Adam, that would be great - i find your thought always stimulates my own development, if only because i think we are very close on so many issues.

khadimir said...

I see no reason to think that there is a tension between "immanent properties" and "transcendental ontological structures" unless you think that the transcendental is also transcendent and not immanent. There is no necessity to that. The transcendental understood merely as "conditions for the possibility of" need not be thought along with Kantian transcendental dialectic.

I'm not sure what "materialist" means in this context; it has too many denotations.

There is a clear difference between Harman and Levi, but the distinction is not what you say, although I think in thsi case it was just word choice.

I cannot help but note that gave makes this announcement after much discussion and pushing from the process side of things.

Michael- said...

Those are excellent points Jason. I guess I have an idiosyncratic sense of the "transcendental" and the "transcendent".

If we take the transcendental as the "conditions for the possibility of" then I agree that this is compatible with immanence, but I would certainly shy away from any argument that would suggest the cosmos must be a certain way regardless of material instantiations.

For example, if the OOO peeps argue that every difference that makes a difference is necessarily an "object", or an irreducible and totally withdrawn unit unto its own, regardless of what I call the onto-specificity (or ontic particularity, if you will) of actual material-energetic assemblages, then I don't think this is compatible with understanding reality as an immanent field.

Reifying general tendencies or "conditions" is a secondary operation of thought, abstracted from the ongoing instantiations of actual events/assemblages.

Metaphysics is game of chasing shadows unless we explicitly foreground our speculative stance in relation to material-energetic realities (aka, the wilderness of being).

Michael- said...

FYI: Adam Robbert has a great response to this post: here

khadimir said...

Michael,

No, you do not have an idiosyncratic use of the terms. You have a very common one, and it leads to much misunderstanding and limiting of intellectual options. Note that Kant makes much of the distinction I give, although how he uses “transcendental” in the dialectic is peculiar to him.

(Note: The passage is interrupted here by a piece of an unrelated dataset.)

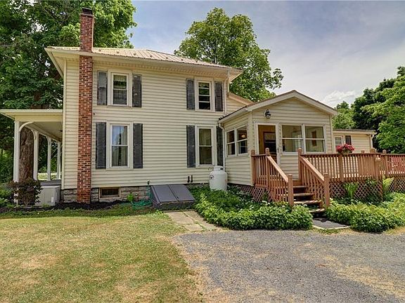 This 3 bedroom, 2.5 bath home is set up perfectly for a home business or in-law suite with a separate entrance and private bath or it could also be used as a first-floor master bedroom suite. The inside also features a butler pantry, lots of built-ins, formal dining room, propane fireplace, and hardwood floors. Outside you'll find a large private deck and back yard, paved driveway, established gardens, and a large two-story pole barn. Union springs schools, and public lake access just a short walk away. Easy commute to Auburn, Seneca Falls, or Ithaca. Check this one out today!
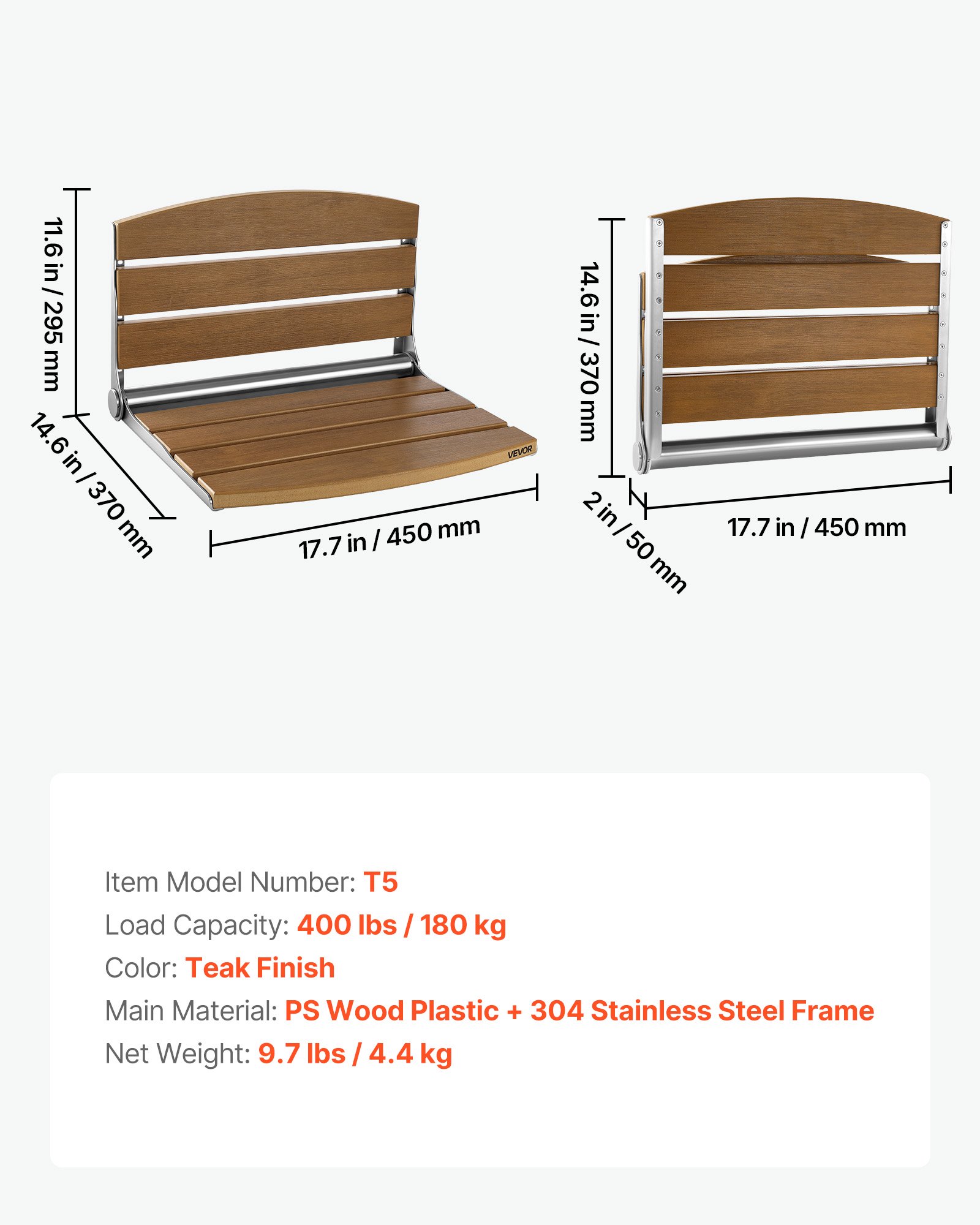 Foldable Shower Seat Wall Mounted, 17.7" Folding Shower Bench With Supportive Backrest, Fold-Down Bathroom Corridor Seat With Stainless Steel Frame For Adults Seniors, 400LBS Loading

I would also “shy away” from arguments that insist that the cosmos must be a particular way, except for the various axioms used to get a metaphysics of the ground. One should keep in mind that axioms are not chosen on the basis of proof, but through abductive criteria (or their equivalent). Hence, I wrote an a blog post awhile back arguing for “naturalism” implying “causal closure.”

I agree with your concerns about what is an object. What I’ve seen of an answer to the concerns is “withdrawal,” but withdrawal is as yet a problematic answer. I think they’ll eventually work it out and that the OOO peeps will duel about who gets to claim the winning solution. I’ll sell popcorn.

khadimir said...

Btw, let me say something about “immanent transcendence,” since it is the name of my blog. I have in mind an immanent transcendental movement. What comes to be comes from immanence (nature), yet becoming is a continuous process of transcending the prior event. Transcendence is creativity; what is now is something more or different than what is past, but that past is carried into the present in a new form. Thought in terms of linear temporality, each present transcends the last. But since each present carries its past towards its future, the past and future are transcendental conditions for the present. (I’ll talk about future elsewhere.)

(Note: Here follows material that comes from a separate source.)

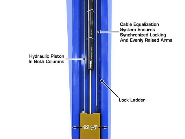 The Atlas® Platinum PVL15 is an ALI CERTIFIED, commercial grade, 15,000 lb. capacity overhead two-post lift designed to accommodate both long wheel base trucks and service trucks. The Platinum PVL15 has an overall height of 174 1/2″ (14′ 6 1/2″), but can be extended by an extra 2 feet to accommodate taller vehicles with the Height Extension Kit.

I use these terms rather than others, because I am interested in phenomenology, which is a movement of revealing and concealing in some senses, but also of emanation in others. Hence, you could read a moment of Hegel, of Heidegger, and even Plotinus if you wish in my words, but I am ultimately aimed at naturalistic metaphysics understood as an abductive enterprise in the American tradition that backgrounds a realist phenomenology. I say this because I’m sure I could find other vocabularies to articulate these concepts, but they lack the phenomenological and hermeneutic connotations needed.